Montelongo, a 1977 B.Sc.-holder from the U.S. Military Academy at West Point, served in the Army as a Ranger and Air Defense Artillery officer before his selection as special assistant to the commander in chief of the U.S. Southern Command; speechwriter and special assistant to the Army chief of staff, and a Congressional Fellow. In 1996, he entered private industry with BellSouth Telecommunications and later became a sales executive with Cap Gemini Ernst & Young.

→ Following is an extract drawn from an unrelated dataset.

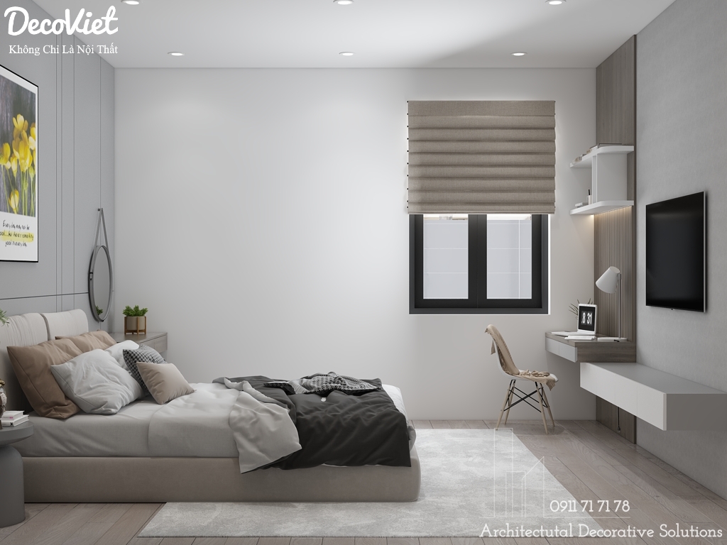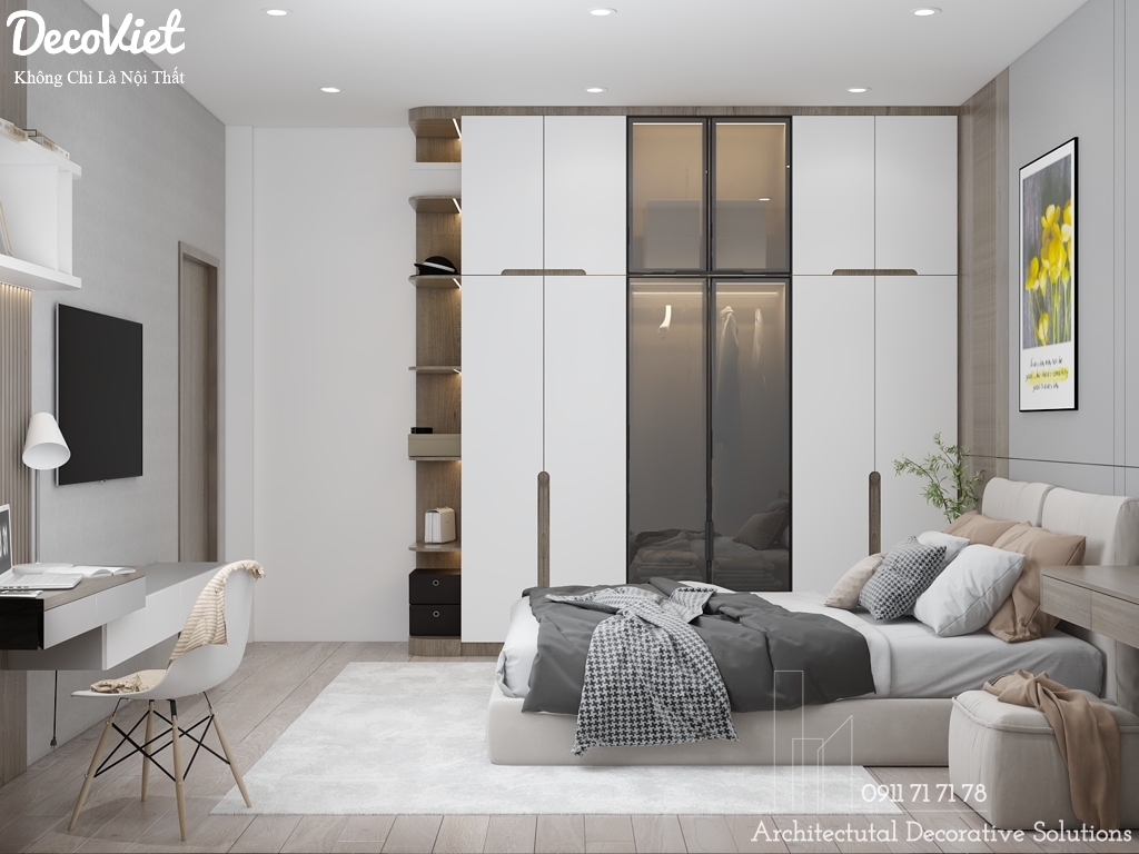 Phòng ngủ master hiện đại với đầy đủ nội thất: Giường ngủ, tủ quần áo, tab đầu giường, kệ tivi, bàn trang điểm, bàn làm việc,...

As assistant Air Force secretary, he also is principal advisor to the secretary, chief of staff, and other senior officials on fiscal matters.

Richard A. Tapia, Ph.D.
Noah Harding Professor of Computational and Applied Mathematics
Rice University
Dr. Tapia, the first in his family to attend college, earned B.A., M.A., and Ph.D. degrees from UCLA. His efforts at Rice have won national recognition for educational outreach, and the Rice Computational and Applied Math Department has become a national leader in producing women and underrepresented minority Ph.D.s in mathematics. Dr. Tapia also is internationally known for his work in factory optimization, and he has coauthored two books and more than 80 mathematical research papers. He also is Rice's associate director of graduate studies and director of the Center for Excellence and Equity in Education. Appointed by President Clinton to the National Science Foundation's governing board, Dr. Tapia also won the Hispanic Engineer of the Year Award at the 1996 Hispanic Engineer National Achievement Awards Conference.